┏━━

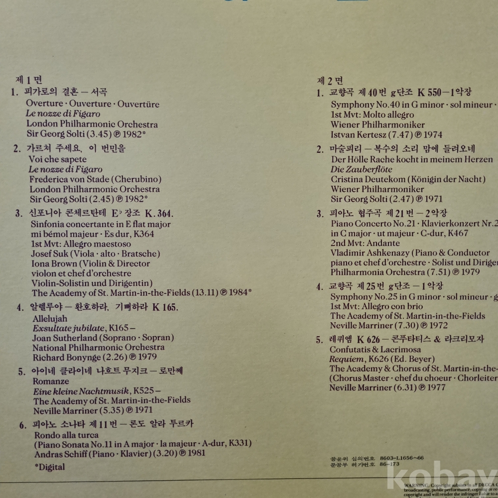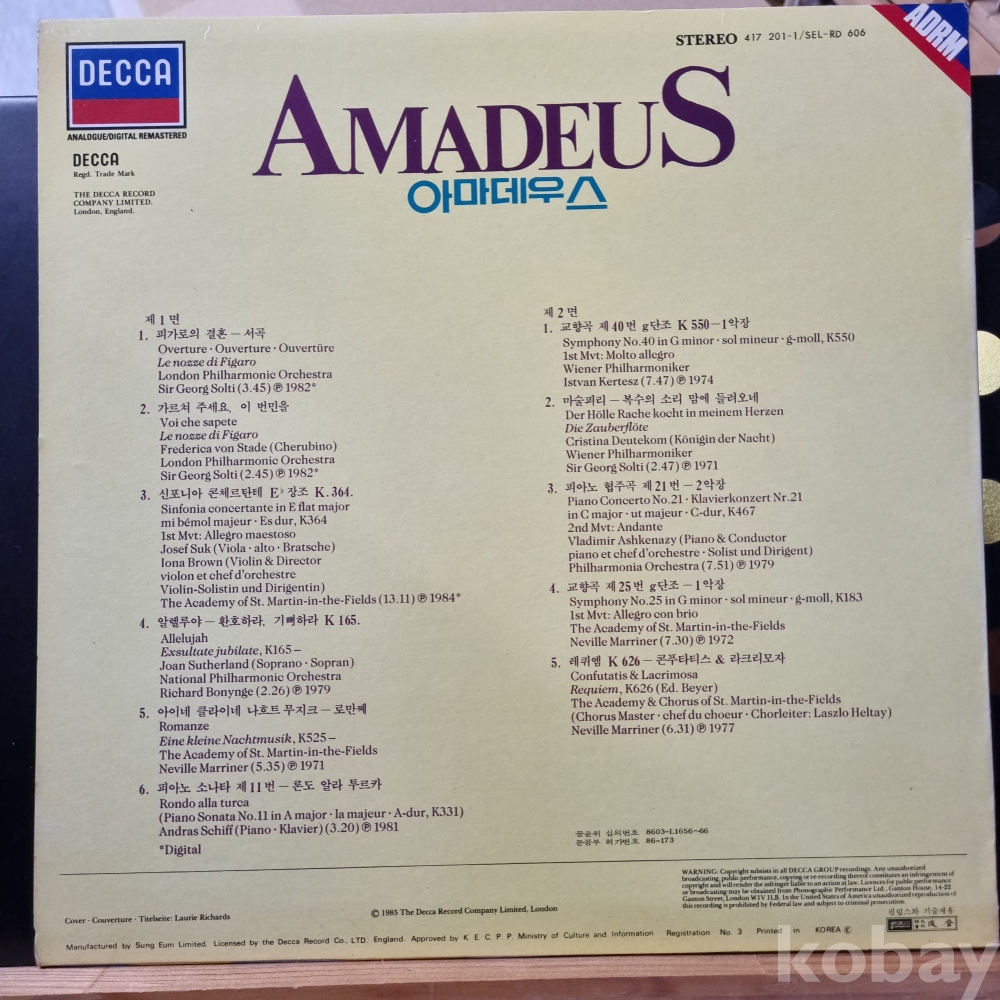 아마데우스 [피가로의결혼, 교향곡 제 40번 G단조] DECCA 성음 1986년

┗━━
┏━━

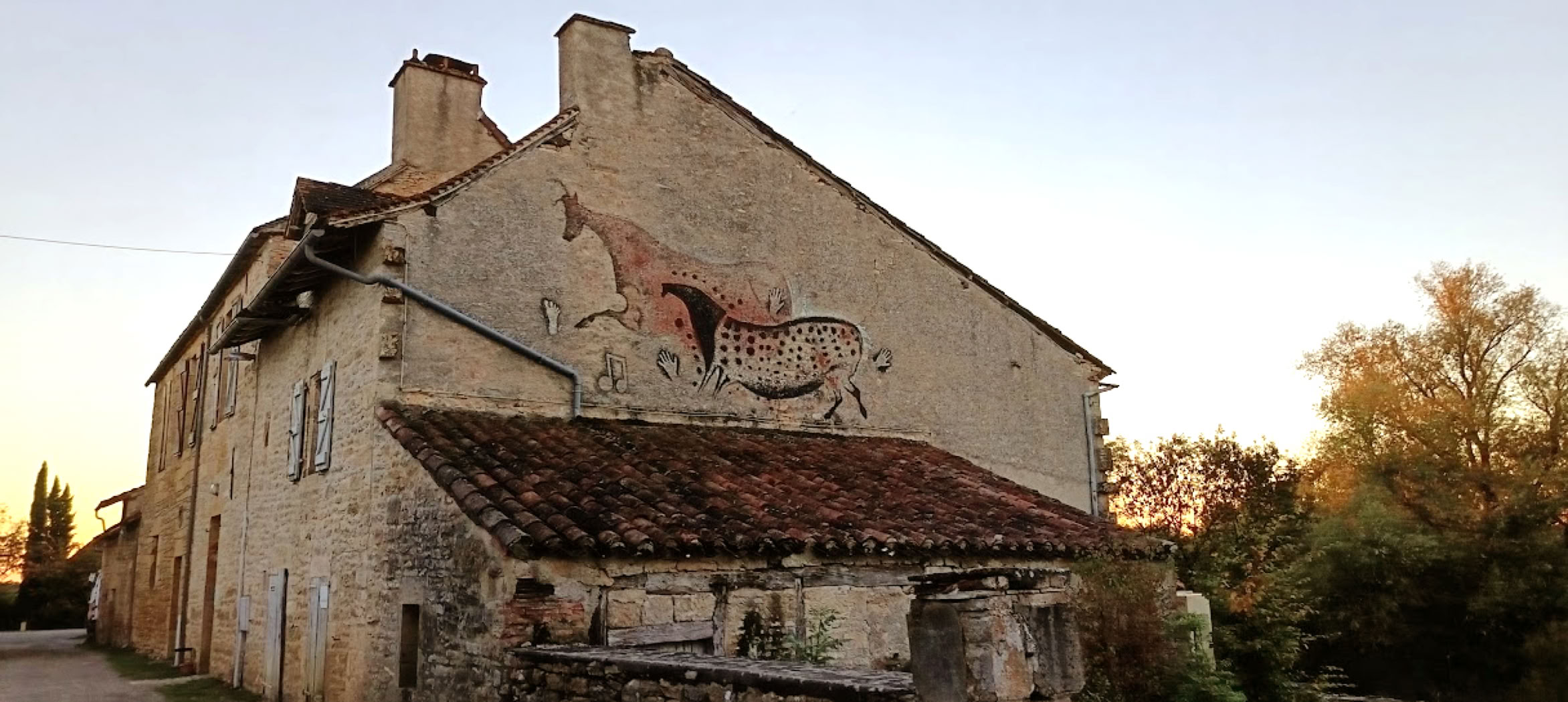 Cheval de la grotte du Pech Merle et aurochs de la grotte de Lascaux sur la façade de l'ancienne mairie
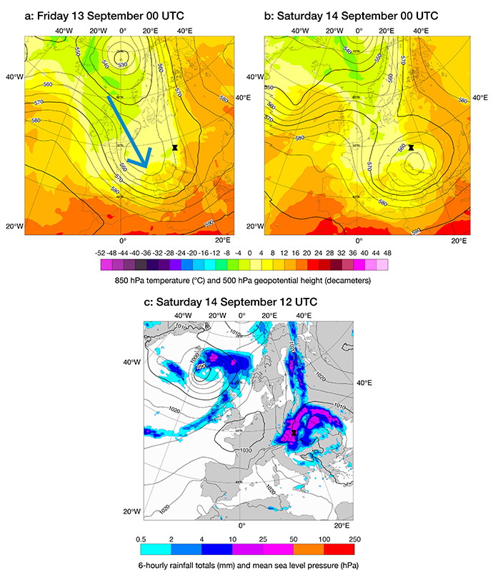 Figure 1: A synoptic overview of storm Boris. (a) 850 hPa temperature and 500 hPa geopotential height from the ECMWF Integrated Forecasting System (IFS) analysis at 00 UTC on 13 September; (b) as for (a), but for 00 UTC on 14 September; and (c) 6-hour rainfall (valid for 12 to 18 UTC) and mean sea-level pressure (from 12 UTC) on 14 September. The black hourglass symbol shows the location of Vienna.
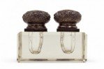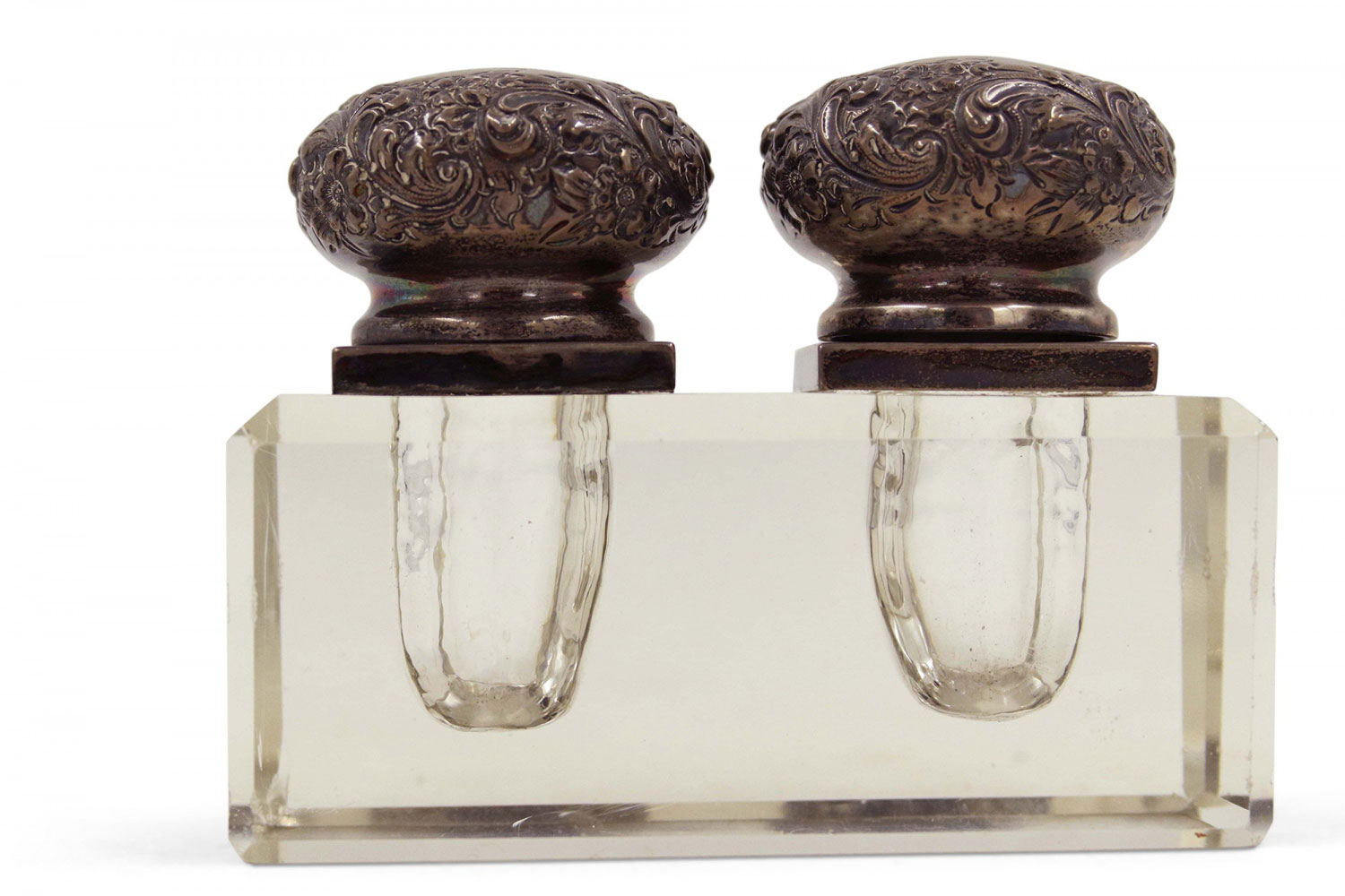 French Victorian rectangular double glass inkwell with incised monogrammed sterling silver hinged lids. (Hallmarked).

┗━━
┏━━

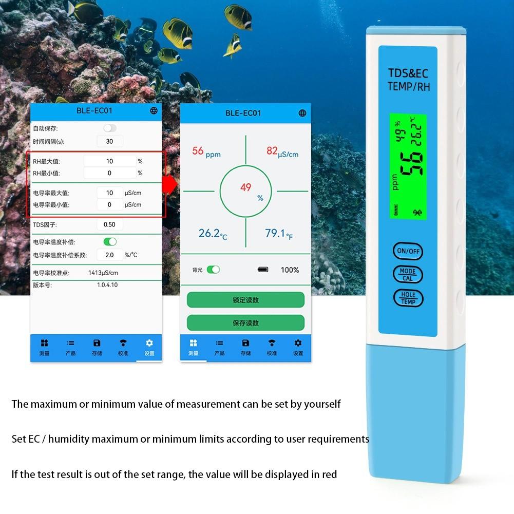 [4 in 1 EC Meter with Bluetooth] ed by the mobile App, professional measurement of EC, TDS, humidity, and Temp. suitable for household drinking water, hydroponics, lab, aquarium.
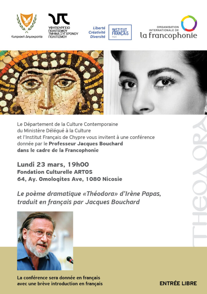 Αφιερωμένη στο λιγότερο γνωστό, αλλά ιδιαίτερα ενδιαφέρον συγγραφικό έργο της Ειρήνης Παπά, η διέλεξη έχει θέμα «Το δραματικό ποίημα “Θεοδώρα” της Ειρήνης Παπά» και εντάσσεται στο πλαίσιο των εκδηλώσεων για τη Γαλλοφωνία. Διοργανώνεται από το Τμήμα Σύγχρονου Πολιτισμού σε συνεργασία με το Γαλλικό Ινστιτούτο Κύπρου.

┗━━

*WORK ITEM*. Quote the data above exactly from the line with "[4 in 1 EC Meter" to the line with "Αφιερωμένη στο λιγότερο", both ends counted, and nothing else. Pictures don't go in.

*ANSWER BOX*.
 [4 in 1 EC Meter with Bluetooth] ed by the mobile App, professional measurement of EC, TDS, humidity, and Temp. suitable for household drinking water, hydroponics, lab, aquarium.
 Αφιερωμένη στο λιγότερο γνωστό, αλλά ιδιαίτερα ενδιαφέρον συγγραφικό έργο της Ειρήνης Παπά, η διέλεξη έχει θέμα «Το δραματικό ποίημα “Θεοδώρα” της Ειρήνης Παπά» και εντάσσεται στο πλαίσιο των εκδηλώσεων για τη Γαλλοφωνία. Διοργανώνεται από το Τμήμα Σύγχρονου Πολιτισμού σε συνεργασία με το Γαλλικό Ινστιτούτο Κύπρου.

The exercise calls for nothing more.